Description of the task:
Work through the data below and copy out every line where "rice" is found.

Task input:
^^^^

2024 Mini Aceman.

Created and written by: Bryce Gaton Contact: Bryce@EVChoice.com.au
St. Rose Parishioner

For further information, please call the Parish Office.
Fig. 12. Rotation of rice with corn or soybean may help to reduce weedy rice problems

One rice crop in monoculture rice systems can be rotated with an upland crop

^^^^

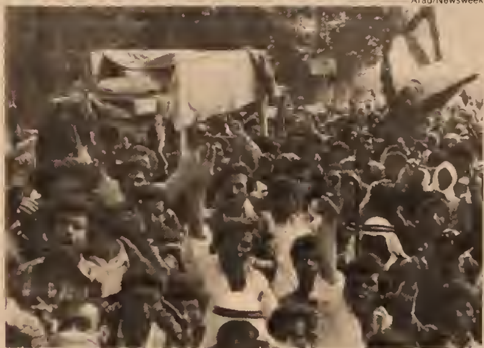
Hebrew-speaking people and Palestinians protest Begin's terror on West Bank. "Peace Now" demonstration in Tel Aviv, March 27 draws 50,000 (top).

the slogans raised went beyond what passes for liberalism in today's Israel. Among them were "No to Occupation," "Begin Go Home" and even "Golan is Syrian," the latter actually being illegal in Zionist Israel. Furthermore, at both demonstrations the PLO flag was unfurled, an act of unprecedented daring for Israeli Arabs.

^^^^

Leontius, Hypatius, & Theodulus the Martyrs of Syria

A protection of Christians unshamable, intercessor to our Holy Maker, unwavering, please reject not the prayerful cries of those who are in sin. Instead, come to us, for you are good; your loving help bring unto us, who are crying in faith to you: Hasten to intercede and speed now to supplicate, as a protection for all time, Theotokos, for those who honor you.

^^^^

Solution:
Fig. 12. Rotation of rice with corn or soybean may help to reduce weedy rice problems
One rice crop in monoculture rice systems can be rotated with an upland crop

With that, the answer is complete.